I am working with parametric curves, I need to find the maximum curvature of these curves. I know the starting point, ending point and length of a curve. I want to use sampling method to know the curvature of the curve at various points. I am unable to figure out how can I proceed. Any help would be appreciated. Cheers

Answer 1

You cannot do this successfully without further information. Consider the curve given by \begin{align} x(t) &= \begin{cases} 0 & t \le 0\\ t^3 & t \ge 0 \end{cases}\\ y(t) = &= \begin{cases} t^3 & t \le 0\\ 0 & t \ge 0 \end{cases} \end{align}

The graph of this curve is a path coming up the negative $y$ axis, making a sharp turn to the right, and leaving along the postive $x$ axis. The curvature at the origin (which corresponds to $t = 0$) is infinite.
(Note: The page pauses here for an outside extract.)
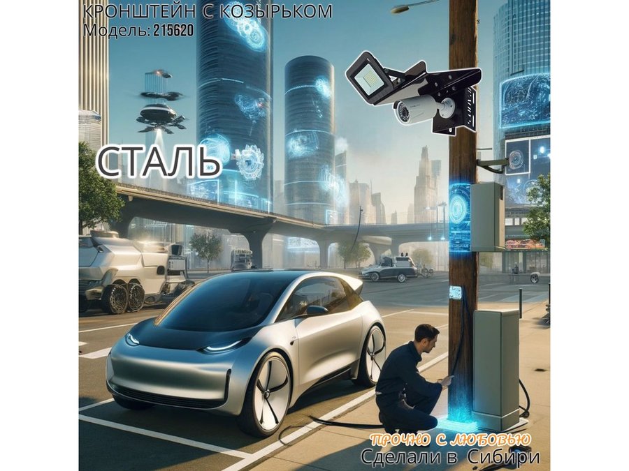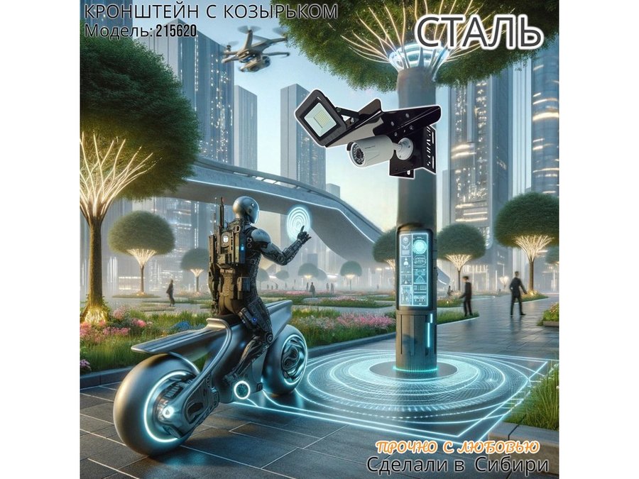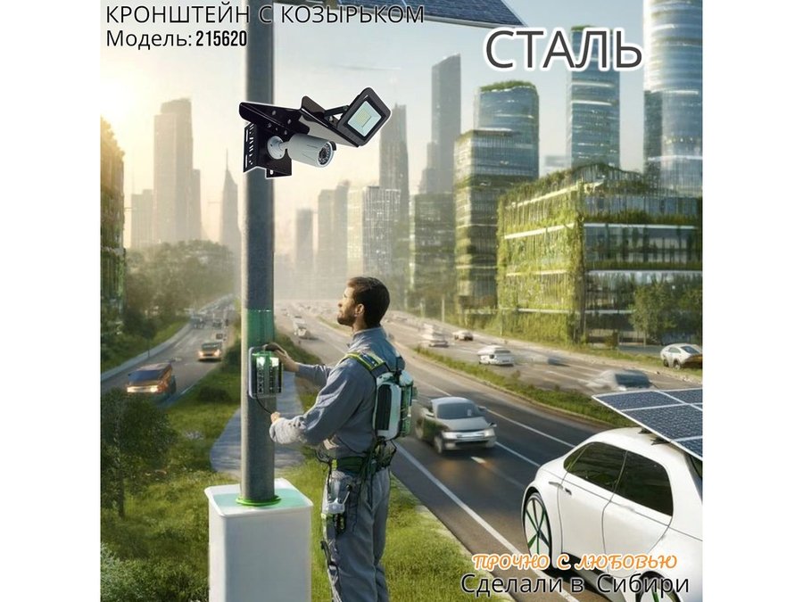 - Кронштейн позволяет быстро зафиксировать камеру и прожектор на столбе, не сверля его.

For any discrete sampling strategy that happens to not include $t = 0$, you can replace this curve with another that has identical samples, but follows a small circle-arc between the axes, for $t$ in the interval between the last negative sample and the first positive sample. These two curves have identical samples, but one has bounded curvature, the other has unbounded. (And indeed, the bounded curvature one can have arbitrarily high curvature if we take the circe-arc to have a very small radius.)
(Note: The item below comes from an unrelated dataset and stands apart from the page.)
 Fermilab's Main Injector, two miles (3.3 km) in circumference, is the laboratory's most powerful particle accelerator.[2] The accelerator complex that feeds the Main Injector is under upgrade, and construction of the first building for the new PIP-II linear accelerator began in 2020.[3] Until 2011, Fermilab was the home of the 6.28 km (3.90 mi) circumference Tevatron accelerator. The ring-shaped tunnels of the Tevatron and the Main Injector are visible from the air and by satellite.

You may object that these curves are defined piecewise, and your curves are far nicer, etc. But these piecewise curves can be arbitrarily closely approximated by polynomial curves, at least on a finite interval like $-1 \le t \le 1$, so that objection doesn't really rule out this situation.

Basically: finite sampling of parametric curves doesn't allow you to estimate anything unless you know something more about them, such as "the curve is band-limited" or "the curve is given by a polynomial of degree no larger than $n$", etc.
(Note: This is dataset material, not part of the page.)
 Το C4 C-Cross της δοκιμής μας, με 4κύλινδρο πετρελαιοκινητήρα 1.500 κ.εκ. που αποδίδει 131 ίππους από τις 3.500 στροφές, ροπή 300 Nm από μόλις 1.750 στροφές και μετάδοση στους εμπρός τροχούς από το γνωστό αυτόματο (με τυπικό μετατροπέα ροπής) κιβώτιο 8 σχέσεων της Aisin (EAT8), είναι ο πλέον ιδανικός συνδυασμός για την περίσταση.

Sorry to be disappointing, but this is a very deep rathole that you're about to head into, and I want to help you avoid it.

Post-comment addition:

The poster has revealed that the curves in question are piecewise cubic. That makes the problem somewhat simpler, as there's a nice formula for the curvature:

$$ \kappa = \frac{\dot{x} \ddot{y} - \dot{y}\ddot{x}}{ \left( \dot{x}^2 + \dot{y}^2 \right)^\frac{3}{2}}. $$

The numerator here turns out to be quadratic; the denominator the $3/2$ power of a quartic. You can simply evaluate this expression at any point at which you want to compute the curvature. (BTW, this is the signed curvature -- it'll be positive for curves like a circle around the origin traversed counterclockwise, and negative for the same curve traversed clockwise.) For general curves, direct evaluation is a pain (or impossible, if you only have samples). For cubics...it's definitely worth doing.